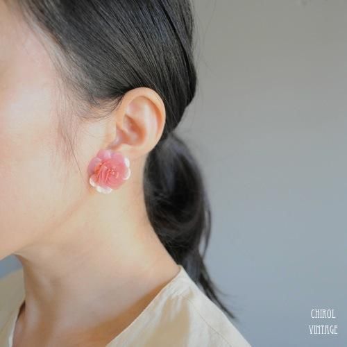 ピンクのスパンコールフラワーが、とびきりガーリーでレトロなクリップイヤリング。
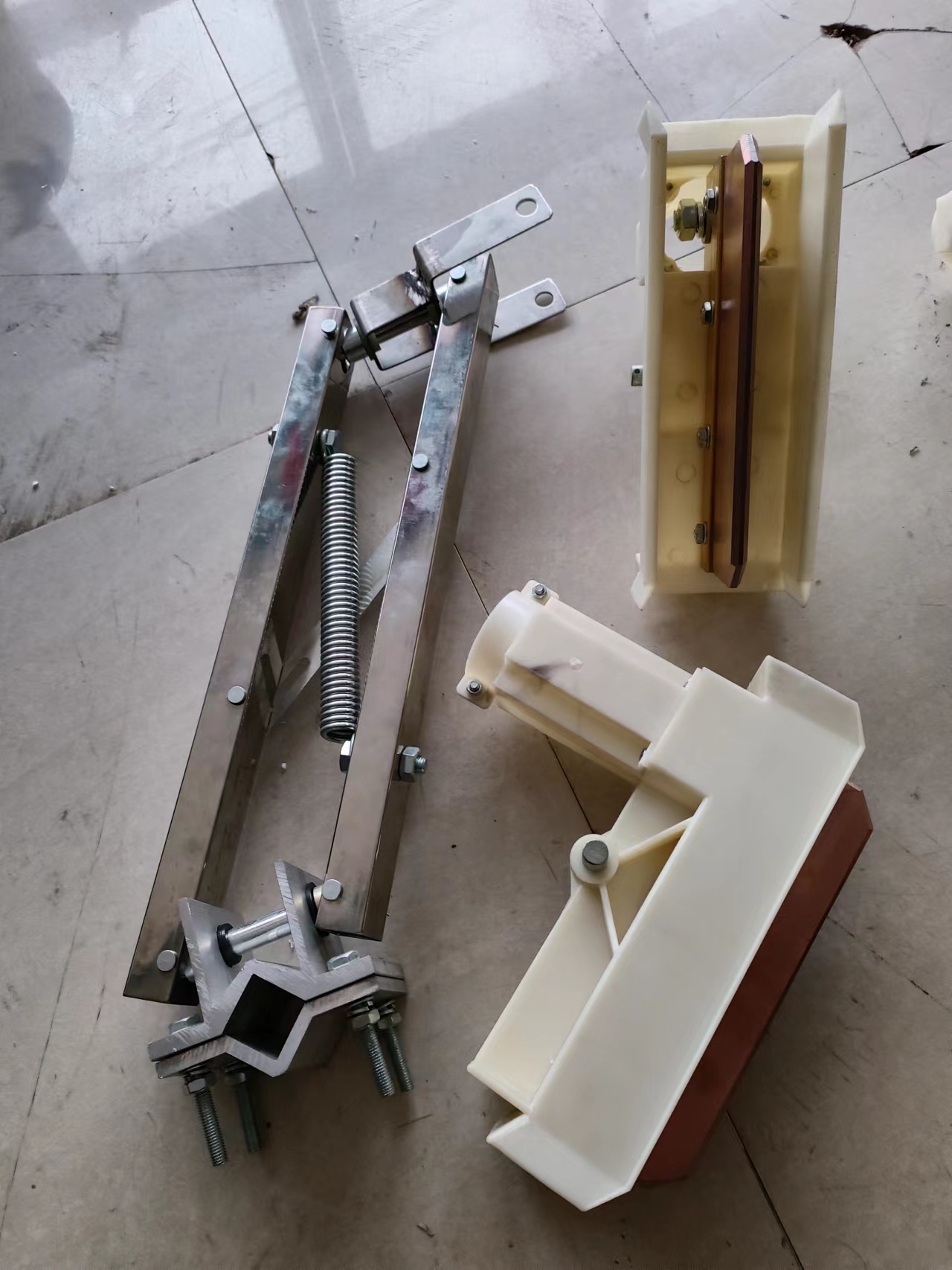 集电器是滑触线系统中集电侧拾取电能的主要装置,它通过集电刷与导轨的滑动接触,将电能直接传导至用电器,从而实现系统的移动供电。集电器由机械结构的张力装置和直接与导轨滑动接触的集电刷两部分组成。
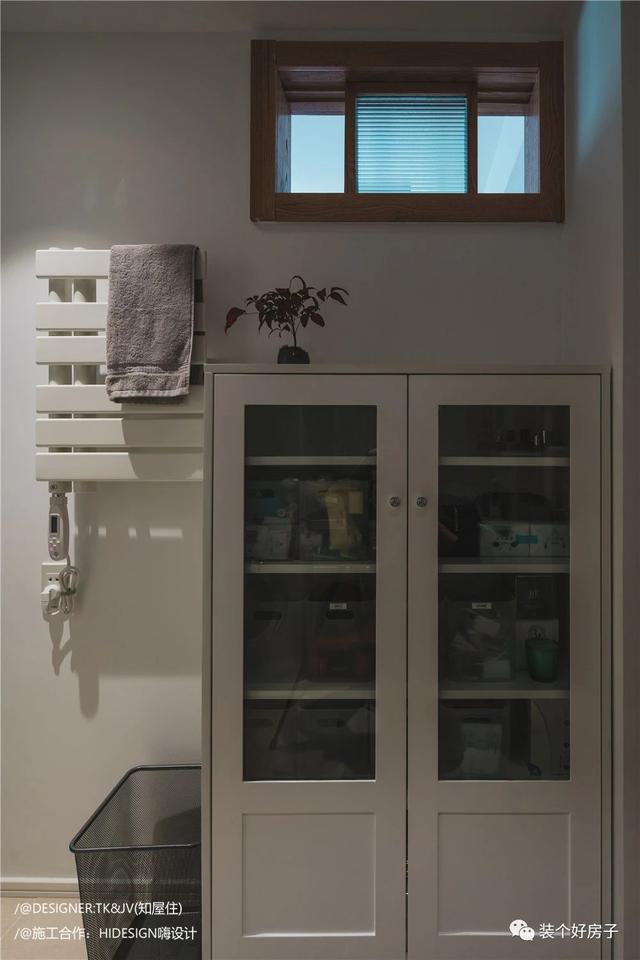 洗漱台的背後是一個專門的收納櫃。這裡也能充分體會到分離式衛浴的好處,如果是傳統衛浴空間,潮濕和異味,根本沒法做太多收納。而這個只有48㎡的小家,可以擁有一個面積如此寬敞的分離式衛生間,可以說是相當舒適與便利了。
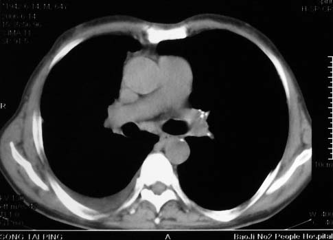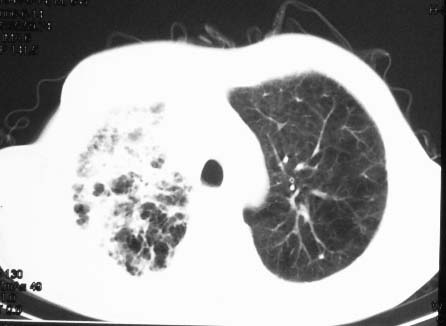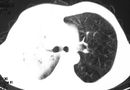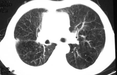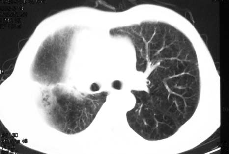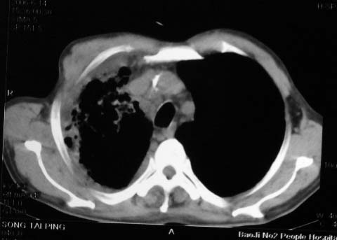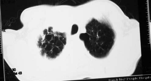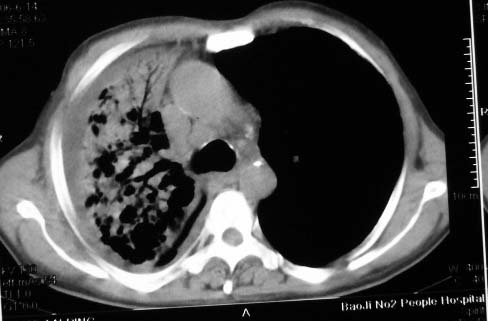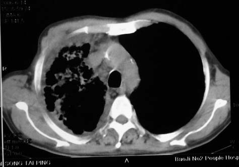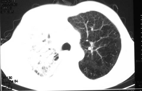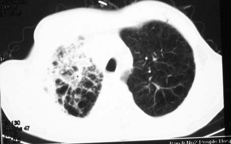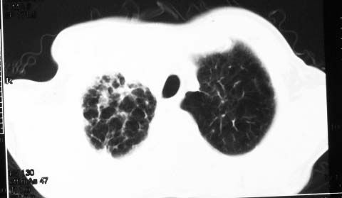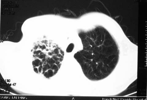 影象表现:右肺上叶大片状、网格状及索条致密影,蜂窝影,其内参杂斑点状小结节,密度不均匀,内见含气支气管像,纵隔内见肿大淋巴结.
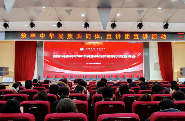 為深入開展學(xué)習(xí)貫徹習(xí)近平新時(shí)代中國特色社會(huì)主義思想主題教育,貫徹落實(shí)習(xí)近平總書記關(guān)于加強(qiáng)和改進(jìn)民族工作的重要思想。11月16日上午,我校黨員教師代表200余人在圖書館報(bào)告廳在線收看國家民委組建鑄牢中華民族共同體意識宣講團(tuán)示范宣講活動(dòng)。
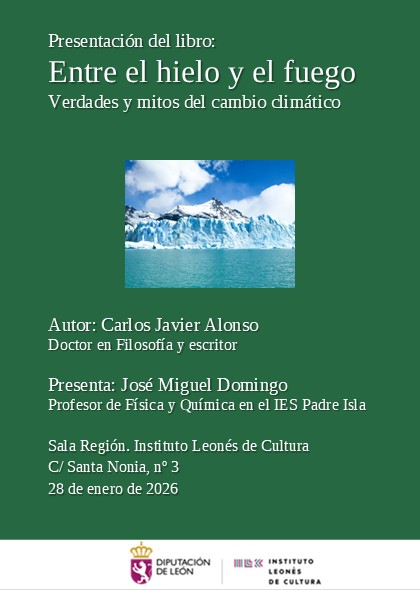 28 enero, 2026 | 7:30 PM - 8:30 PM Presentación del libro «ENTRE EL HIELO Y EL FUEGO. VERDADES Y MITOS DEL CAMBIO CLIMÁTICO», de Carlos Javier Alonso
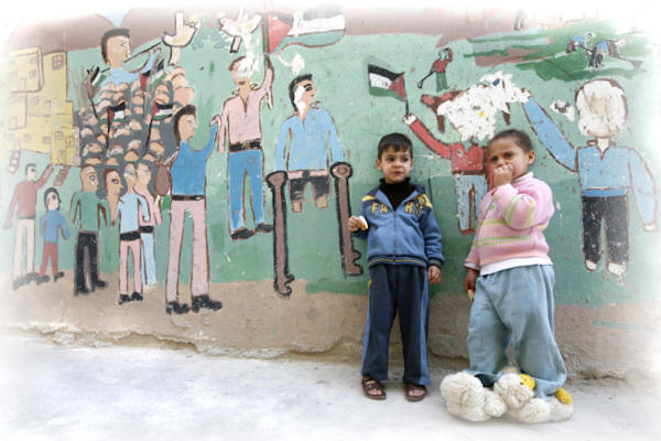 Ein junger palästinensischer Junge und ein palästinensisches Mädchen stehen in der Nähe eines bemalten Wandbildes im Flüchtlingslager Balata in der Stadt Nablus im Westjordanland. (Miriam Alster/Flash90)

- What needs to be done
What should be set down is every line from the opening of the records through the line that contains "影象表现:右肺上叶大片状、网", exactly, with pictures left out.

- Response area
 ピンクのスパンコールフラワーが、とびきりガーリーでレトロなクリップイヤリング。
 集电器是滑触线系统中集电侧拾取电能的主要装置,它通过集电刷与导轨的滑动接触,将电能直接传导至用电器,从而实现系统的移动供电。集电器由机械结构的张力装置和直接与导轨滑动接触的集电刷两部分组成。
 洗漱台的背後是一個專門的收納櫃。這裡也能充分體會到分離式衛浴的好處,如果是傳統衛浴空間,潮濕和異味,根本沒法做太多收納。而這個只有48㎡的小家,可以擁有一個面積如此寬敞的分離式衛生間,可以說是相當舒適與便利了。
 影象表现:右肺上叶大片状、网格状及索条致密影,蜂窝影,其内参杂斑点状小结节,密度不均匀,内见含气支气管像,纵隔内见肿大淋巴结.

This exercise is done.